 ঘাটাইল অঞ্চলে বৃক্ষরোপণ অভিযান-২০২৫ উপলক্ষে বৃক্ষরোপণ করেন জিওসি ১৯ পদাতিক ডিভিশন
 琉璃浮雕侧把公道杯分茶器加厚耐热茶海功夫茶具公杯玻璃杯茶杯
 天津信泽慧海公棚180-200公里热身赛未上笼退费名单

----

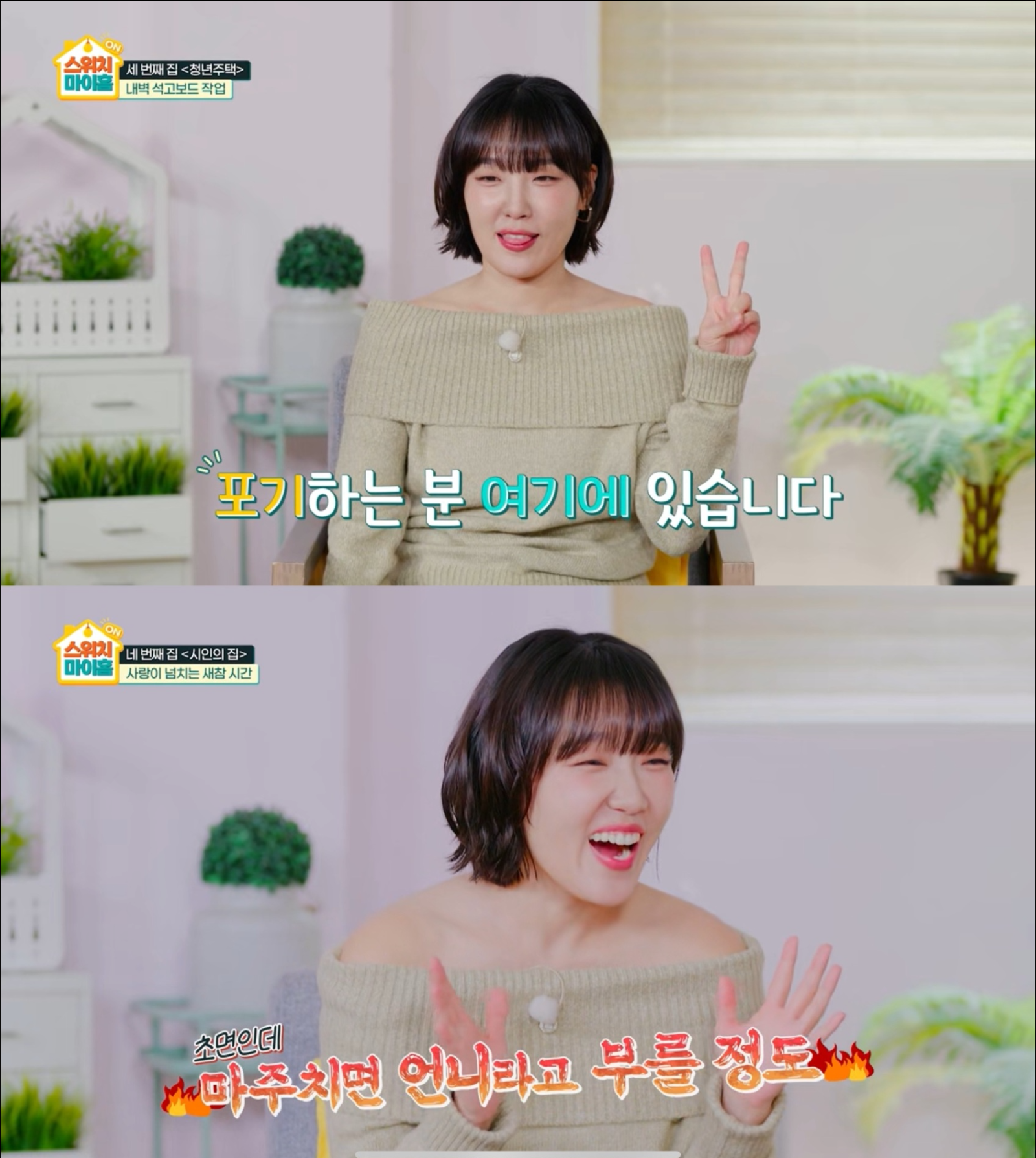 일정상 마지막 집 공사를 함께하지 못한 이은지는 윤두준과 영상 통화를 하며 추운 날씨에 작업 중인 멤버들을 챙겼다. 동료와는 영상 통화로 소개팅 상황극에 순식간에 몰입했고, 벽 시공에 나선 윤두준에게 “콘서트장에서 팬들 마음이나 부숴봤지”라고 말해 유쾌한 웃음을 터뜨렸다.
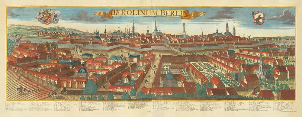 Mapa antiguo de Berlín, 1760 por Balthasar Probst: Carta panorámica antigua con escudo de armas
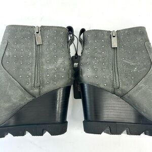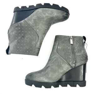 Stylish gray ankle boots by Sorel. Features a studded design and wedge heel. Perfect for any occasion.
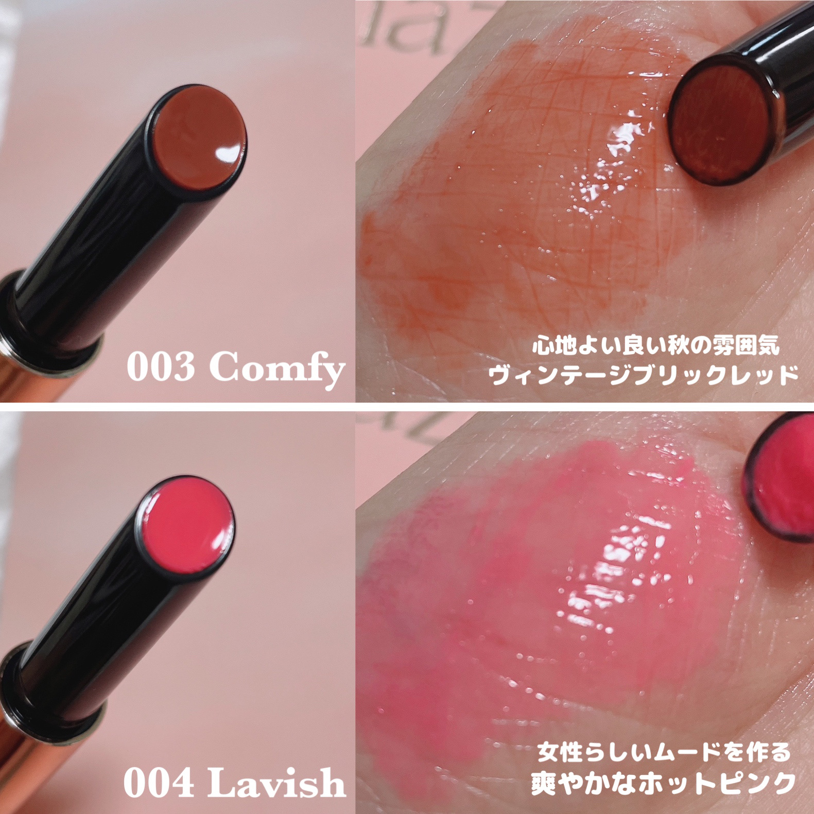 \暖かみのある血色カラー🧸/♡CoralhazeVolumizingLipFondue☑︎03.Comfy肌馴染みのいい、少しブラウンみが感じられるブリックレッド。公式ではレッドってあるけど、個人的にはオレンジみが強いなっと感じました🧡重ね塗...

----

▶ **AIM OF THE TASK**
Take from the material above the lines running from the one with "ঘাটাইল অঞ্চলে বৃক্ষরোপণ" through the one with "天津信泽慧海公棚180-200公里热身赛未上笼退费名单", and repeat them exactly, with nothing else.

▶ **REPLY**
 ঘাটাইল অঞ্চলে বৃক্ষরোপণ অভিযান-২০২৫ উপলক্ষে বৃক্ষরোপণ করেন জিওসি ১৯ পদাতিক ডিভিশন
 琉璃浮雕侧把公道杯分茶器加厚耐热茶海功夫茶具公杯玻璃杯茶杯
 天津信泽慧海公棚180-200公里热身赛未上笼退费名单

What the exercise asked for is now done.